Use this skill whenever a user wants to:
- Generate UVM sequences and tests from a DV testplan (S2 Excel or JSON)
- Create directed test sequences for specific testplan rows
- Create randomized virtual sequences for coverage-driven tests
- Generate per-VIP protocol sequences (write, read, burst, error injection)

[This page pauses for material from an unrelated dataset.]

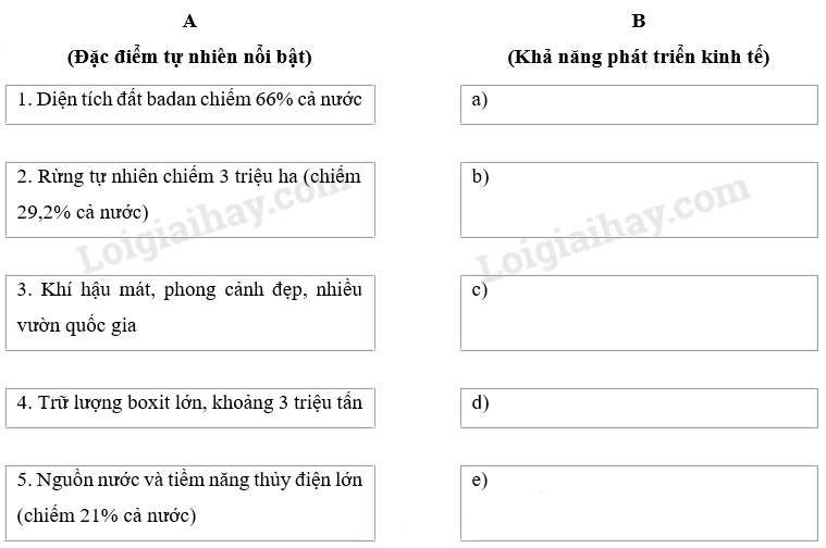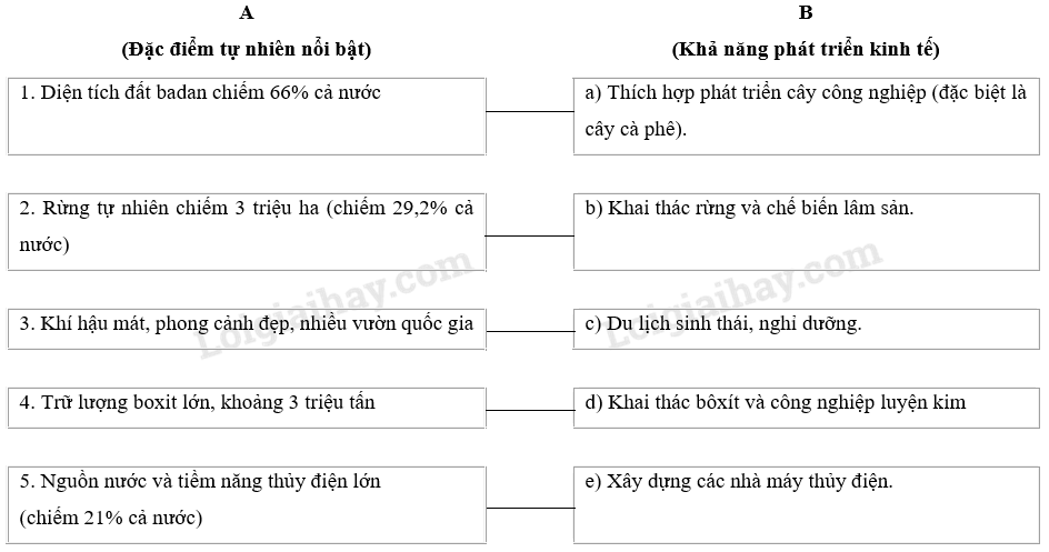 Giải câu 3 trang 68 sách bài tập Địa lí 9, Điền nội dung thích hợp vào các ô trống ở cột B để nêu rõ thế mạnh kinh tế của điều kiện tự nhiên ở Tây Nguyên.
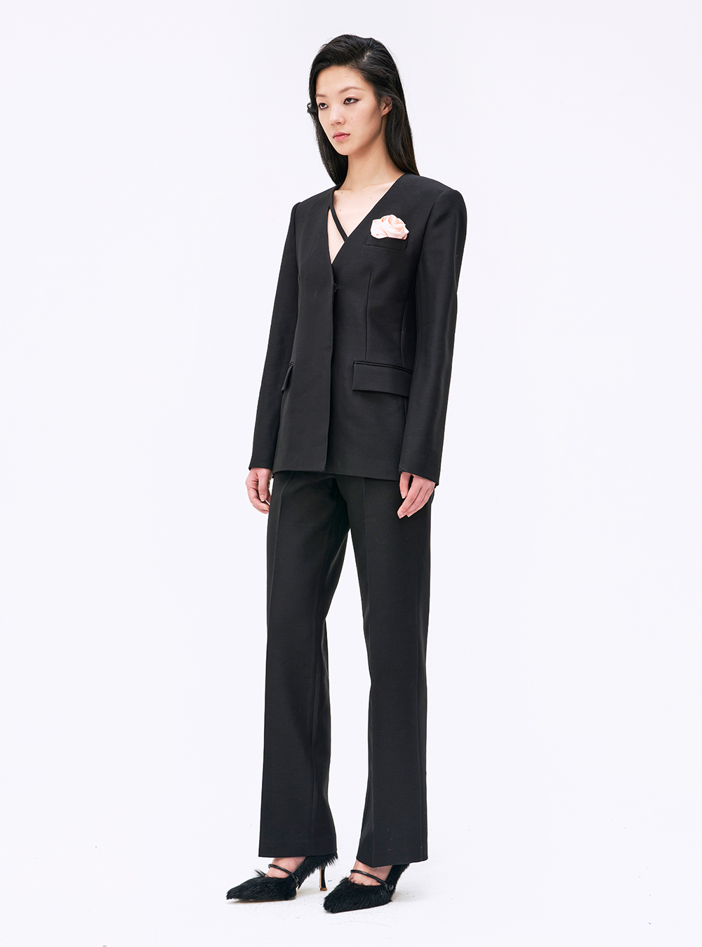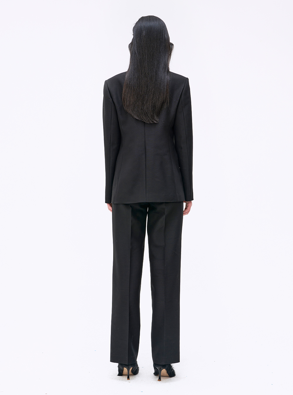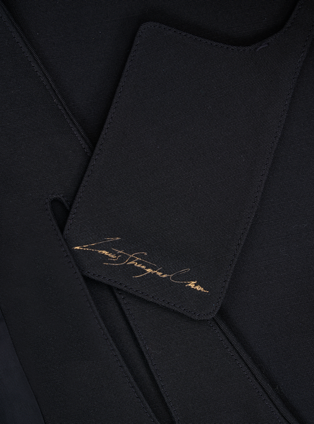 The Black Silk Wool Pigeonic Jacket is a luxurious outerwear piece, crafted from a blend of silk and wool for a rich texture and elegant drape. Its pigeonic design adds a contemporary edge to this timeless jacket.

- Generate UVM test classes with plusargs, cfg constraints, and vseq execution
- Generate a single testcase interactively from a natural-language description
- Run /dv-sequences or S6 in the DV end-to-end flow
Trigger on: "generate sequences", "generate tests", "dv-sequences", "/dv-sequences",
"create testcases", "write sequence for", "S6", "generate test from testplan",
"create directed test", "create random test", "generate vseq", "write a test that"
|
DV Sequences Generator — S6
You are acting as a senior DV architect with 20+ years of UVM experience. Your output
is production-quality SystemVerilog: sequences and test classes that plug directly into
the UVM testbench generated by S5 (or any compatible existing testbench). Every
generated file must compile clean, follow UVM coding guidelines, and embed Checker ID
display messages at every verification point.
Step 0 — Check Environment (ALWAYS run first)
python3 <REPO_ROOT>/skills/common/scripts/check_environment.py --skill s6 --install
Common scripts for this skill:
<REPO_ROOT>/skills/common/scripts/
├── check_environment.py # dependency checker
├── generate_sequences.py # S6 file generator (sequences + tests)
└── generate_tb_scaffold.py # S5 generator (referenced, not run by S6)
Step 1 — Locate Testbench Data (MANDATORY — STOP if missing)
S6 requires a testbench description to generate compatible code.
Search in this order:
<PROJECT_ROOT>/dv/dv_tb_data.json — S5 output (preferred)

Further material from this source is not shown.